Since the “Orange Revolution,” the state has been waging war against the single tax. Both Tymoshenko and Yanukovych attempted to abolish it, and now the united Donetsk team has taken up the cause with renewed determination. I can identify three reasons for this restlessness.
The first is the simplest and most obvious. “What’s this—you paid me, and that’s it? What if I need money again tomorrow or something else?” The client of the state must be available for robbery at any time of year and any time of day. What matters to the state is not so much the taxpayers’ money as their dependence.
The second reason is, so to speak, a matter of the present. Enterprises (along with the little people who work there) are the main subject of redistribution in the Ukrainian version of feudalism. In the classical medieval version, it is land with the peasantry; in ours, it is enterprises. Enterprises pass “under the hand” of one kakistocrat or another as a result of palace intrigue and shifts in power; enterprises are seized by “raiders,” and so on, and so forth. Admittedly, the situation differs from the Middle Ages, and this must be noted. Unlike territory, which has, so to speak, a limited supply, the supply of enterprises is inexhaustible. They can be seized from each other, endlessly destroyed and ruined as “legal entities.” This happens because enterprises are created not only by kakistocrats but also by the little people themselves. They grow them, tend to them and cherish them until the moment those enterprises begin to generate profit. At that point, kakistocrats’ people usually appear, offering “cooperation”—that is, vassal dependence. Of course, I am greatly simplifying; often such ingenuity is displayed in this endeavor that, had it been applied to peaceful purposes, we would already be living under capitalism. In any case, a healthy enterprise enters the cycle, becomes a source of income for the feudal lord, and an object for attacks and trades among kakistocrats.
Generally speaking, what matters for our topic is this—in order for the process of redistribution of enterprises to function normally, they must initially fall within certain common regulatory frameworks. “Single taxpayers” fall outside these frameworks. They are like free cities in the Middle Ages. They seem to pay the lord, but you can’t take them by force. It is telling that in the Donetsk reform program, the single tax is called a “preferential” one.
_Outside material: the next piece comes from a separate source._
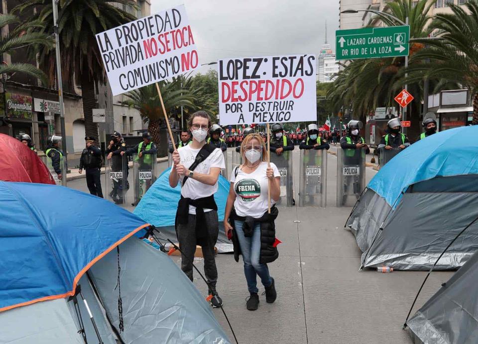 Con gritos como "¡Fuera López! ¡Fuera López!", los manifestantes exigían al Presidente su dimisión, al mismo tiempo que invitaban a la población a unirse al plantón. Aunque este sábado los detractores del Ejecutivo solo ocuparon un tramo de Juárez, también hablaron de su intención de extenderse en los próximos días hasta Paseo de la Reforma, una de las vialidades más importantes de la capital de la República.

Indeed, from the lord’s point of view, the townspeople are insolent, unscrupulous recipients of preferences.
When Kuchma introduced the single tax, the kakistocrats viewed it as a concession for the little people—roughly like replacing corvée with quitrent. However, the state’s “economic” activity led to the impoverishment of the country. After all, the cycle of enterprises does not pass without consequence. Although legal entities can, it would seem, appear and disappear painlessly, from an economic perspective, the activity of forcibly redistributing enterprises destroys national wealth. The reason is obvious—changes in the status and activity of enterprises occur not for economic reasons (that is, not depending on the quality of the enterprise’s activity), but for political reasons. In this case, the resources of society are simply wasted. At the same time, the impoverishment is barely noticeable, like, for example, environmental pollution.
Now the impoverishment has led to the fact that the little people are extremely reluctant to resume the process of the enterprise cycle. Let us note that the Donetsk people most likely realize that in reality the “state” about which they are so concerned will suffer losses from the abolition of the single tax. However, this does not matter, since the task is not to increase the revenues of the “state.”
The third reason is a matter of the future. A “single taxpayer” can always say to the state, “I pay you. What more do you want?” Such behavior is unacceptable, and here is why. The so-called single tax is an extremely dangerous precedent. The single tax is, in essence, a per capita direct tax—that is, a prototype of maximally simple and transparent relations between a person and the state. The practice of the single tax shows that all the hysterical bustle that the state creates around “entrepreneurial activity” and “filling the budget” is devoid of its own content. Direct taxes accomplish these same tasks without any bustle and the complex machinery of indirect taxes and the accompanying “controlling” activity. Therefore, a direct tax allows questions to be posed to the state. You need a budget? But for what? Why so much? And how and where will you spend all of this? The longer a direct single tax had existed, the faster people would awaken from the spell of “state” bustle and understand how things actually stand. Of course, this cannot be permitted.
The single tax is our last foothold for the growth of civil society. A progressively developing civil society can only emerge among self-sufficient and responsible people. Such a person cannot be “at fault” before the state. A single taxpayer is much less “at fault” than all his other fellow unfortunates. This is precisely why he must be destroyed.